# How did you do i FE October 2012?



## Wael (Nov 2, 2012)

Hi all,

i took the FE exam last week. I took EE for the PM. I felt the morning session was average. you can't tell how well you did since time factor is a killer. I managed to finish the morning ession 10 min earlier. I felt I could have done better.

As for the EE in the afternoon. I really liked the kind of questions asked as they really were meant to test your understanding and the ability to think smart in order to reach an answer. I think my passing will be decided on how well i nailed the afternoon exam. I hope i don't have to take this exam again.

I graduated 7 years ago, and it took me 6 months to prepare for the exam (2.5hrs in average 5 days a week).

for AM, I used Lindeburg's FERM, and FE/EIT Sample Examinations, 2nd Edition.

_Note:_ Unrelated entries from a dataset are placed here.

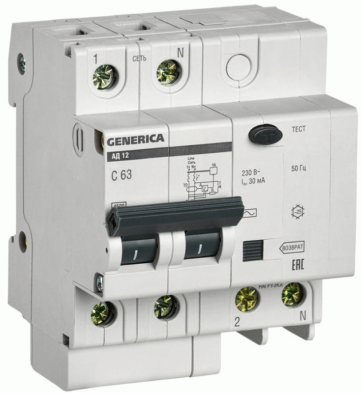 Выключатель автоматический дифференциального тока 2п 63А 30мА АД12 GENERICA IEK MAD15-2-063-C-030
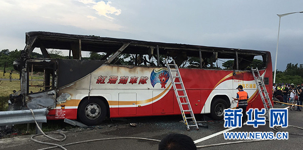 2016年7月19日,臺灣游覽車起火造成26人罹難,包括24名大陸游客。這是7月19日拍攝的事故車輛。新華社發
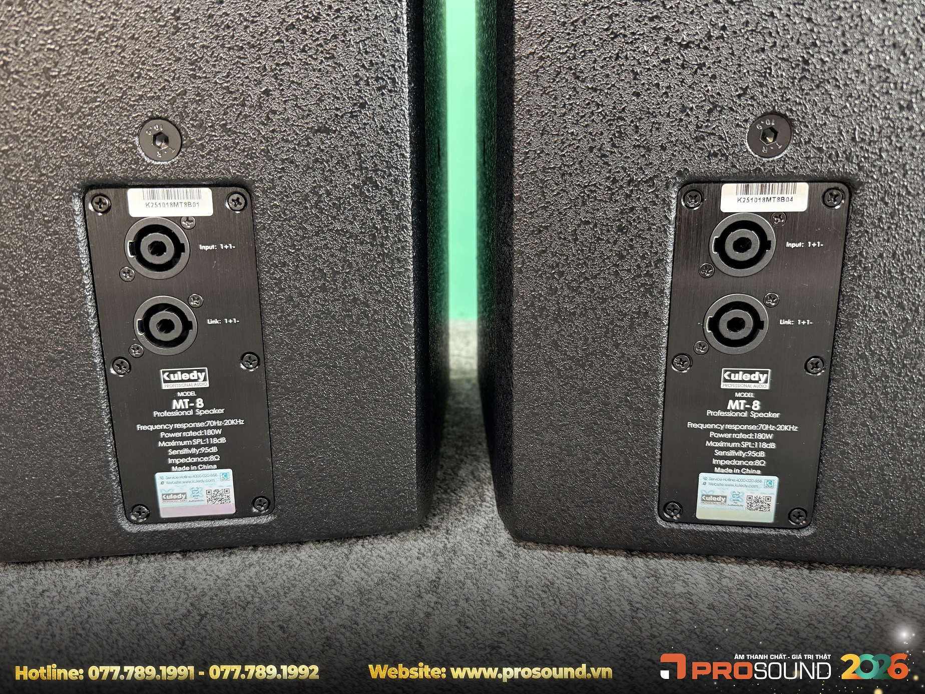 Về công suất, Kuledy MT-8 có mức 180W RMS, 360W Program và 720W Peak, đủ sức đáp ứng nhu cầu sử dụng liên tục trong karaoke gia đình cao cấp hoặc phòng kinh doanh nhỏ. Công suất này giúp loa hoạt động ổn định, ít méo tiếng khi mở lớn và không đòi hỏi ampli hay cục đẩy quá mạnh.

For PM, I used Kaplan FE Review for EE, Lindeburg's EE Discpline specific, and NCEES sample exam.

Regards,

wael


----------



## bcolwell3 (Nov 2, 2012)

I trouble with structural and strength of material sections. I too am EE, but decided to go for general afternoon, not sure if that was wise. Stats was a killer as well, which is usually easy


----------



## John QPE (Nov 3, 2012)

Let's just say, I thought the morning was easier than what I was expecting, the afternoon (Civil) a lot harder than what I was expecting.

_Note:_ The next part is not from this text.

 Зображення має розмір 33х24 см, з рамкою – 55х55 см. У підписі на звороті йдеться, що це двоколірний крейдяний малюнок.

I felt the morning was a little heavy on the circuits and chem side, and the afternoon way heavy on the structural side. If you're taking the civil discipline I was expecting more than one Mannings problem....and the solution they had in the book was not even correct.


----------



## william (Nov 3, 2012)

I also am a EE and i thought the morning was not that bad i educated guess at about 40 but im certain i got 90% of the ones i answered. I took the testmasters course and found it helpful about 40% of the material we studied was asked on the AM. I thought the PM EE was tough not impossible but tough. I got through 25 quesrions correctly and guessed on the rest. Hopefully we both passed lol


----------



## pakiterp (Nov 3, 2012)

I was also EE and took EE afternoon. I think morning exam was average difficulty and afternoon was little harder than I expected. I think I did well enough to pass but I think wait part will be the hardest. I hope I pass it so I can move on to the PE.


----------



## FromThisSoil (Nov 3, 2012)

I did not have enough time for the morning problems. I had about 25-30 question unanswered at the 15 minutes left mark (some of which I just choked on, which under normal circumstances I wouldn't have a problem with). I never was a fast test taker, but 2 minutes per problem simply is not enough for the likes of me. The difficulty level of some of the morning problems was more than the NCEES study guides.

I took Civil in the afternoon and felt that I was within my comfort zone. My degree is in Construction Management Engineering, which is basically a split between Civil and Construction Management. I felt I did great in the structural, transportation, and ethics areas, but not so well on the water resources and surveying was so-so for me.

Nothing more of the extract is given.